Part of this involves overcoming the haunting feeling that we’d be better off with someone else. After we have been together with someone for a while, a lot of new people do – of course – appear to be very exciting and kind. We may occasionally meet an example who seems distinctly nicer: they’re warmer, or funnier, or better looking, a better listener or more interested in the things that fascinate us. The comparison at once casts our partner in a distinctly unflattering light. Why on earth are we contemplating a lifetime with someone so flawed?

 

Our partners aren’t uniquely damaged. We just know them a lot better than the exciting stranger. Our partner suffers from the disadvantages of incumbency: of having been in our lives for so long that we have had the opportunity to be patiently introduced to the full range of their inadequacies. Our certainty that we might be happier with another person is founded on ignorance: it is the result of having been shielded from the worst and crazier dimensions of a new character’s personality – which we must accept are sure to be there, not because we know them in any detail, but because we know the human race, of which (despite their exceptionally pleasing looks and manner) they remain a part.

 

It’s helpful – though strange – to get more explicit. We could very usefully draw up in our minds a list of the seven most annoying things about our partners. Some might seem embarrassingly trivial; some very substantial. The task is not mean or inappropriate. We’re not trying to condemn our partners per se but – rather – to lay the groundwork for love.

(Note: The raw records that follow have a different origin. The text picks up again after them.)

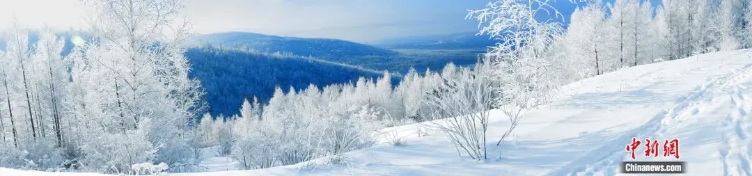 內(nèi)蒙古大興安嶺林區(qū)的霧凇晶瑩剔透,漫山遍野。 呼倫貝爾市文化旅游廣電局供圖
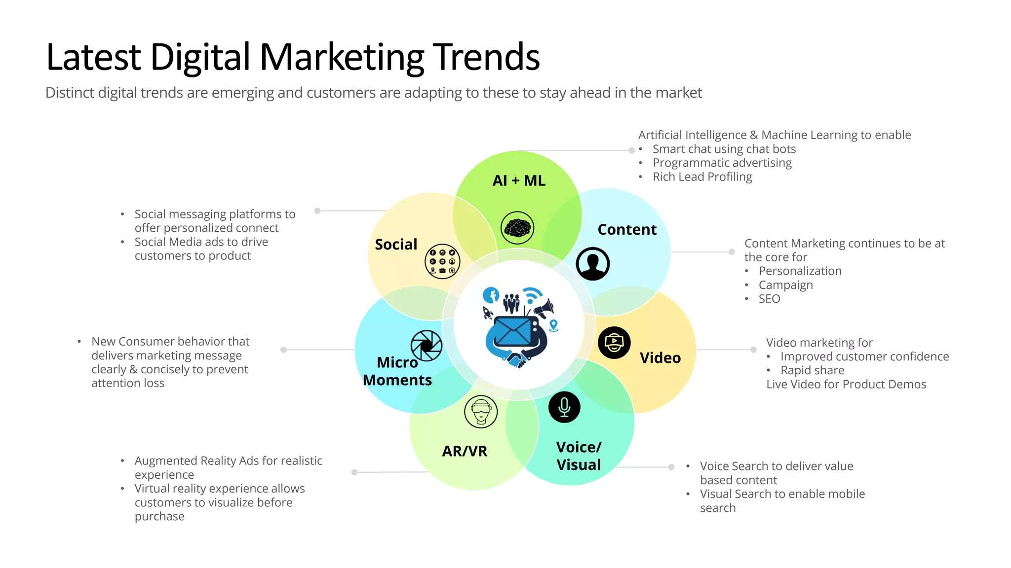 Artificial intelligence and machine learning can enable smart chatbots, programmatic advertising, and rich lead profiling to enhance digital marketing. Content, video, voice, visual, augmented reality, and virtual reality technologies along with social messaging platforms can be used to personalize campaigns, improve SEO, demonstrate products through live video, deliver value-based search results, enable mobile search, offer personalized connections, drive customers to products through social media ads, clearly and concisely deliver marketing messages to prevent attention loss, provide realistic experiences through augmented reality ads, and allow customers to visualize products before purchase through virtual reality. The latest digital marketing trends involve using these emerging technologies to adapt to changing customer behaviors and stay ahead in the market.
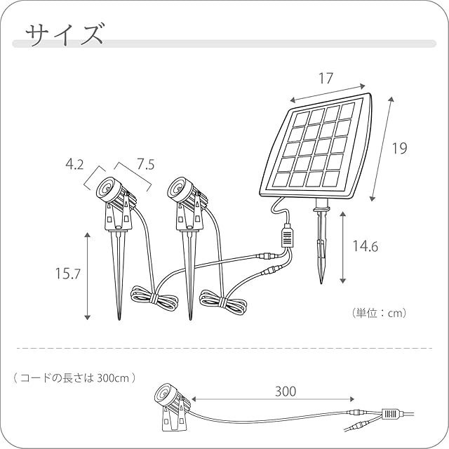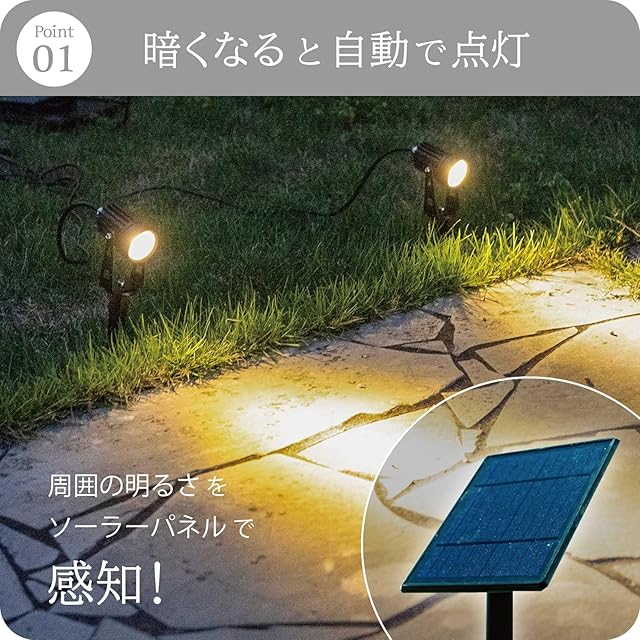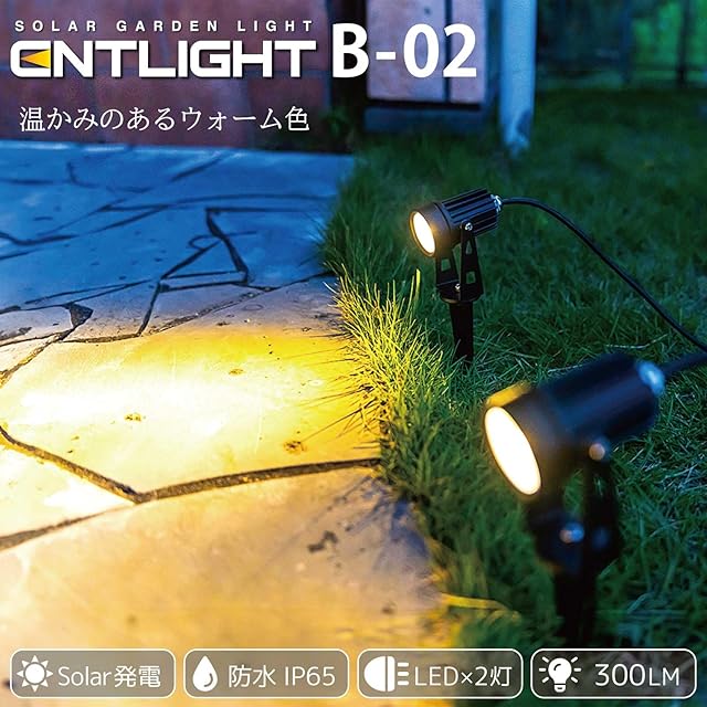 【商品の特徴】 [ENTLIGHT]B-02は、2本のコードに高輝度スポットライトが搭載されたガーデンライトです。ライトやソーラーパネルがそれぞれ独立しているため、様々な場所に設置することが可能です。

We then need to try to imagine the kindest, most charitable explanation of these annoying characteristics. What very understandable things in their past explains this very tricky habit or obsession or disproportionate, exaggerated worry of theirs? How could a lovely person, under pressure they didn’t ask for, end up being like that? We’re imaginatively rehearsing the crucial move from an irate interpretation – which sees a defect as the sign that a person is stupid, mean, heartless or cruel – to a benign, kindly, loving one which sees them as suffering from a past misfortune. Their annoying conduct or mentality isn’t showing that they are evil (as at our most frayed moments we will always think) but simply that they are labouring with a difficulty, which might even invite a degree of compassion.

 

Compassion, and charitable interpretation of defects in one’s partner, doesn’t make it lovely to be confronted with their troubles. We’re still with someone who thwarts us, or over-criticises or is clingy or cold or has a touch of the snob about them (or whatever it may be). But we’re set to be less disgusted and less panicked in the face of these ills. We’re strengthening our capacity to stick with them – because we see that their failings don’t make them unworthy of love; they render them all the more urgently in need of it.